Still making the numbers sing
News Corp's fiscal third quarter looked like the kind of update investors want from an old-media company that’s trying very hard not to act old. Chief Executive Robert Thomson said the quarter marked the company’s 12th straight quarter of profitability growth on a continuing-operations basis, with revenue climbing and margins stretching out a bit more.
That’s the kind of sentence that says, “Yes, the internet broke the business model — but we’re adapting.” And for shareholders, that matters because media names tend to get judged on one thing: can they keep turning content into cash without the whole thing leaking out the bottom?
Why investors should care
The big takeaway isn’t just that revenue improved. It’s that profits rose across several parts of the business, which suggests this wasn’t a one-off sugar rush from a random asset sale or accounting tweak.
A few things to keep on your radar:
- Revenue moved higher, giving the company more breathing room.
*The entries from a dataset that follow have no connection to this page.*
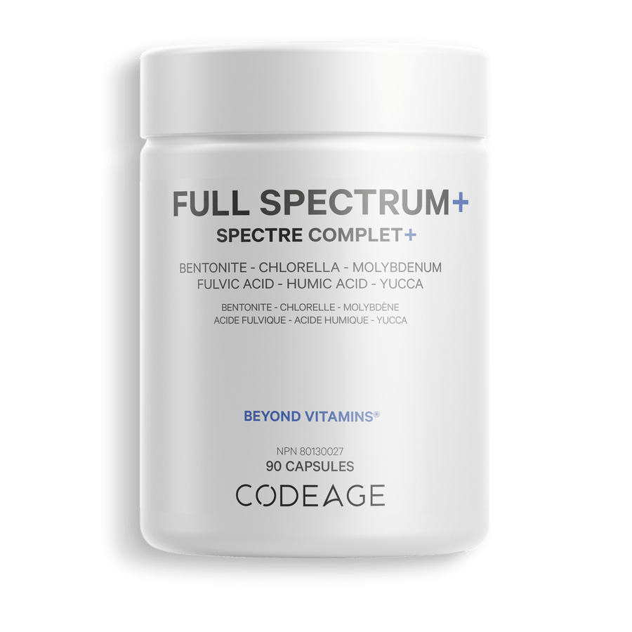 - Codeage Full Spectrum+ features molybdenum glycinate chelate, activated charcoal, and bentonite clay, ingredients known for their role in general wellness.
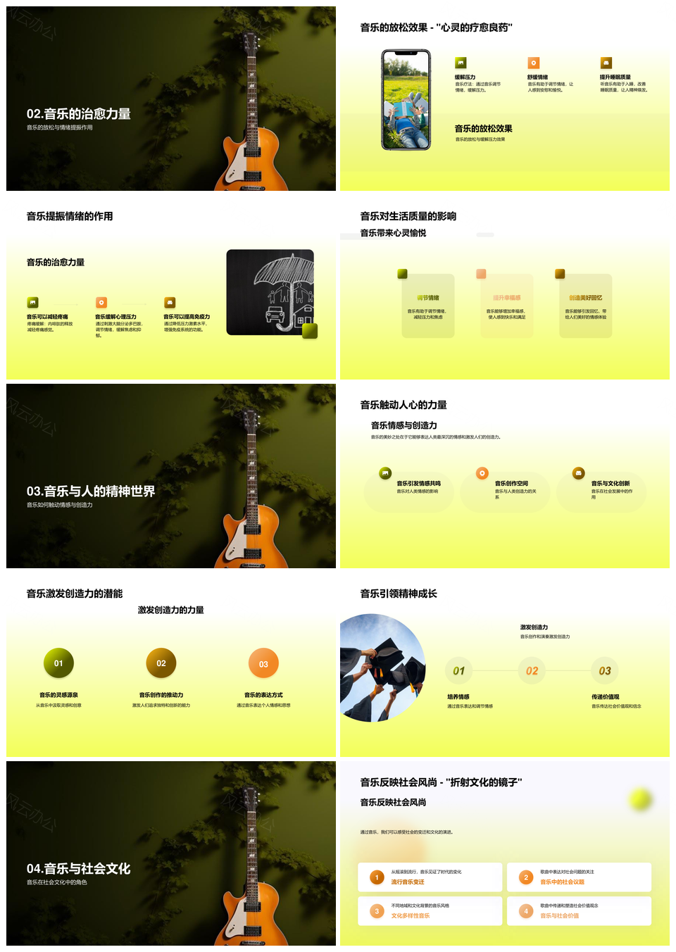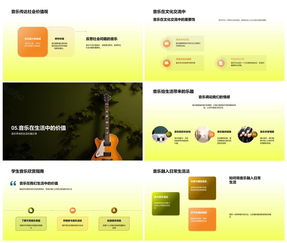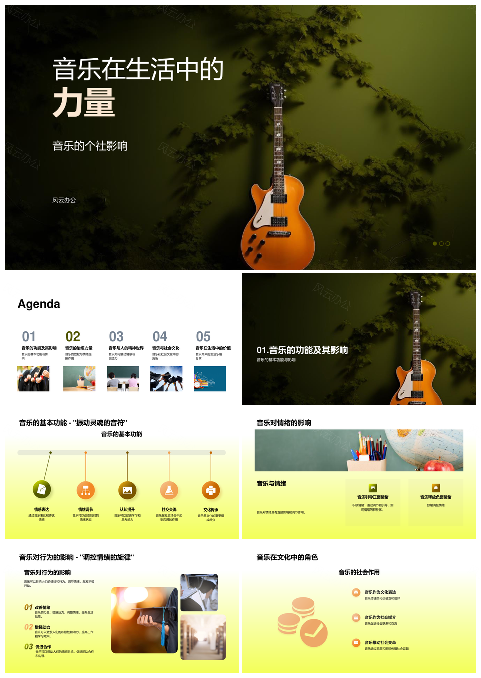 风云办公提供的音乐社会力量功能符号生活PPT模板,下载格式为pptx,一共24页,作品中文字及图均可以修改和编辑,图片更改请在作品中右键图片并更换,文字修改请直接点击文字进行修改。
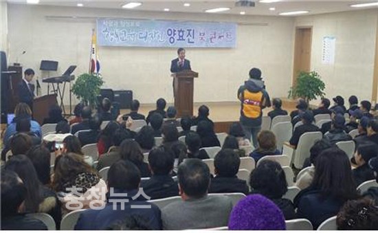 양효진 前 당진교육장은 지난 16일 오후 논산중앙초등학교 새솔빛방에서 논산·계룡지역의 학부모, 사회단체 인사, 전직 교육장, 교직원 등 200여명이 참석한 가운데 자신의 저서 ‘사랑과 정성으로 행복교육 디자인’ 북 콘서트를 성황리에 마쳤다.
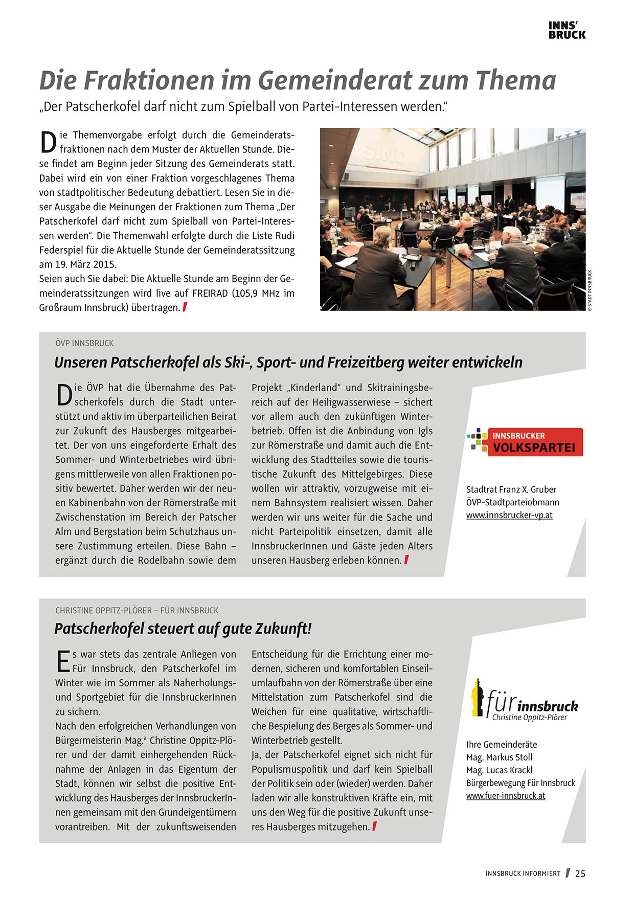 ie ÖVP hat die Übernahme des Patscherkofels durch die Stadt unterstützt und aktiv im überparteilichen Beirat
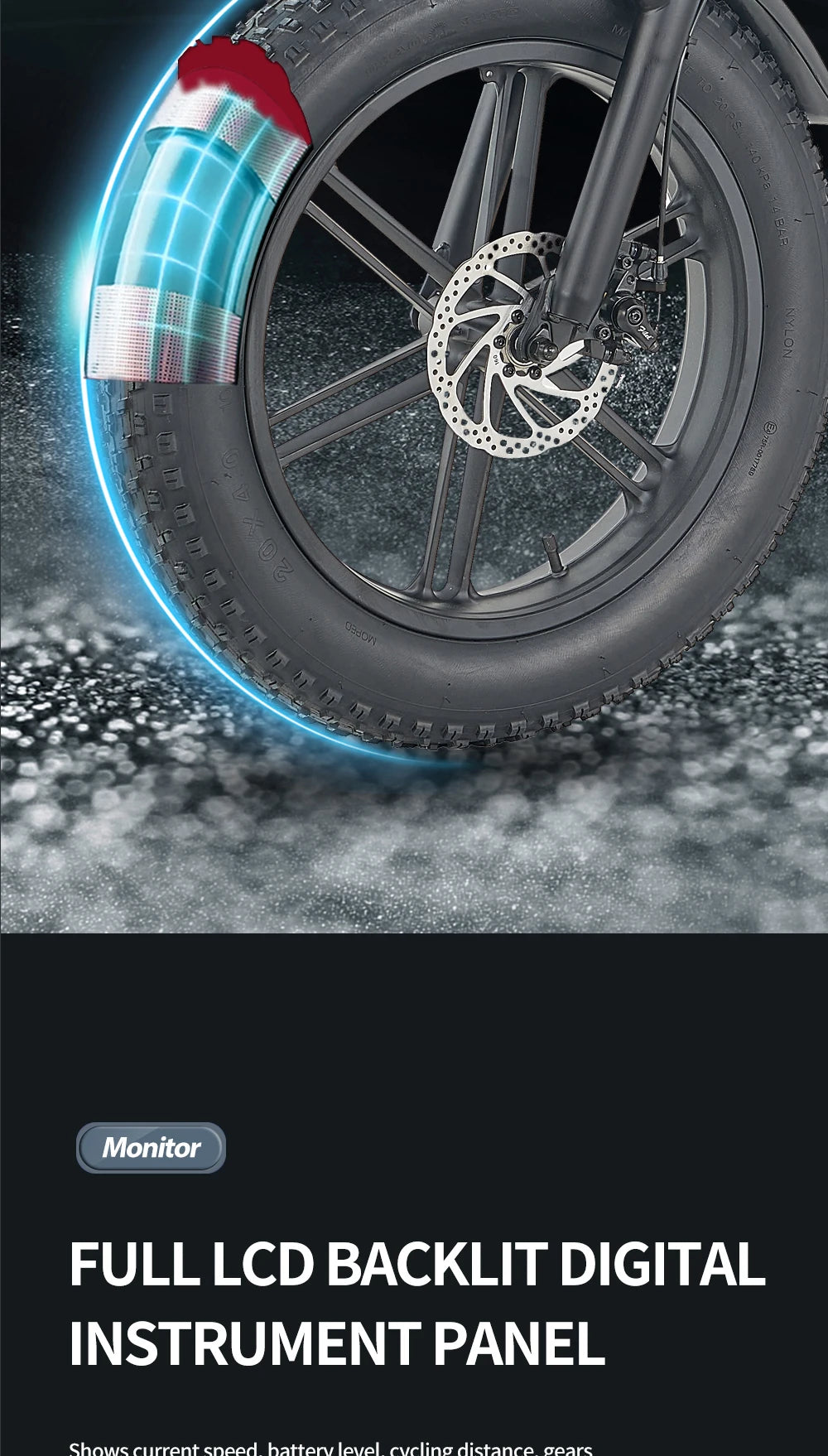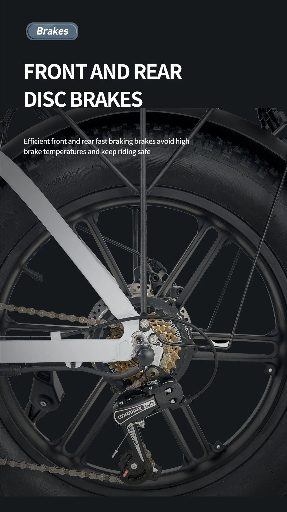 - Durable Fat Tires: 20-inch fat tires ensure stability and control on various terrains.

- Margins expanded, which usually means management is getting a little sharper with costs.
- Profit gains showed up across multiple businesses, not just one lucky segment doing the heavy lifting.
The bigger picture
For a company like News Corp, the market usually wants proof of two things: that the legacy stuff isn’t fading too fast, and that the newer mix of businesses can carry more weight over time. This report checks the first box and suggests the second one isn’t fantasy-land either.
Big picture: when a media company can post its 12th straight quarter of profit growth, that’s not a fluke — that’s a pattern. And patterns are what investors pay for.